Pfizer Inc and OPKO Health Inc. announced that the FDA has approved Ngenla (somatrogon-ghla), a once-weekly, human growth hormone analog indicated for treatment of pediatric patients aged three years and older who have growth failure due to inadequate secretion of endogenous growth hormone

Ngenla is expected to become available for U.S. prescribing in August 2023.

Growth hormone deficiency (GHD) is a rare disease characterized by the inadequate secretion of the growth hormone somatropin from the pituitary gland, affecting one in approximately 4,000 to 10,000 children. Without treatment, children will have persistent growth attenuation, a very short height in adulthood, and puberty may be delayed. Children living with GHD may also experience challenges in relation to their physical health and mental well-being.

The FDA approval is supported by results from a multi-center, randomized, open-label, active-controlled Phase III study which evaluated the safety and efficacy of Ngenla when administered once-weekly compared to once-daily somatropin.
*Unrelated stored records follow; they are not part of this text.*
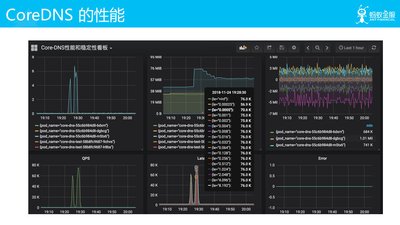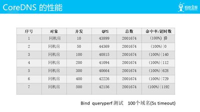 我们把 CoreDNS 的功能开发完了,上线的话很多人关注它的性能。我们这边做了一个简单的性能测试,可以看出 CoreDNS 和 Bind DNS 这种现在比较通用的 DNS 的性能还是有点差距的。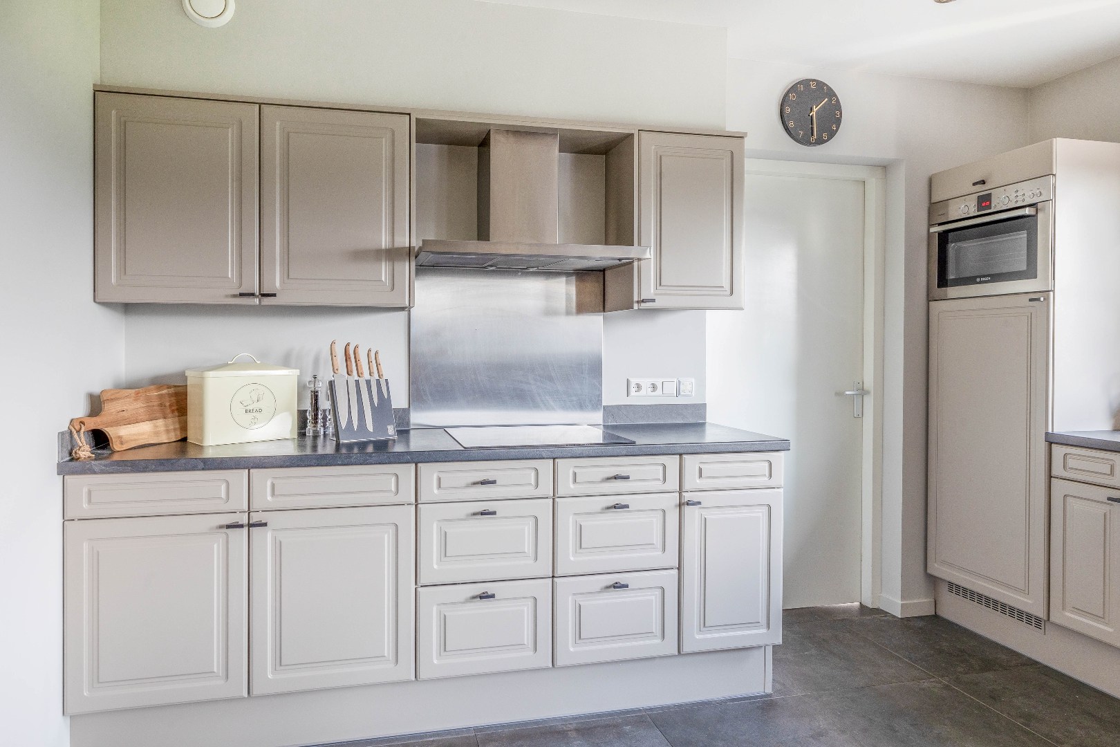 De woonkamer is voorzien van een aansluiting voor een houtkachel. In de open keuken zijn een vaatwasser (2023), koelkast, combi oven/magnetron, inductiekookplaat en afzuigkap aanwezig.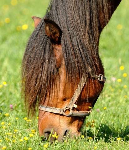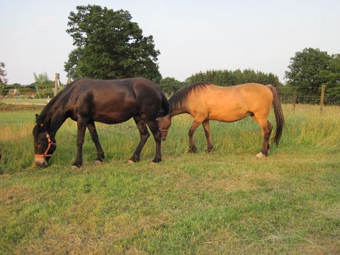 J'ai tout le temps faim ou envie de manger. Parfois, je fais le singe dans la gamelle ou encore je triche et change de pré pour avoir de la meilleure herbe. Mais si Joe me voit, je reviens vite vers elle et me laisse me remettre dans le pré d'origine sans discuter.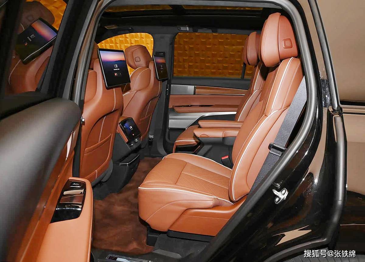 内饰空间突破传统豪华定义,全车搭载5块智能屏幕形成沉浸式交互矩阵。中控台上方悬浮着33英寸弧形超视网膜屏,下方8英寸触控屏与副中控台形成功能分区。两辐式方向盘创新融入木纹饰板与镀铬元素,在科技感中注入经典美学。后排区域配备三块独立屏幕,分别位于前排座椅靠背与中央扶手后方,配合B柱及扶手箱后部的空调出风口,构建出全维度舒适体验。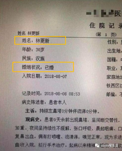 林更新被爆出已婚,是因为网友偶遇他去动个小手术,而病历上婚姻状况那栏赫然写着“已婚”两个大字 ↓

The study met its primary endpoint of Ngenla non-inferiority compared to somatropin, as measured by annual height velocity at 12 months. Ngenla was generally well tolerated in the study and had a safety profile comparable to somatropin.

The approval of Ngenla will be significant for children with growth hormone deficiency in the U.S. It holds potential to reduce the treatment burden that can come with daily growth hormone injections,” said Joel Steelman, M.D., Pediatric Endocrinologist, Cook Children’s Health Care System. “As a new, longer-acting option that has the ability to reduce treatment frequency from daily to weekly, Ngenla could become an important treatment option that can improve adherence for children being treated for growth hormone deficiency.”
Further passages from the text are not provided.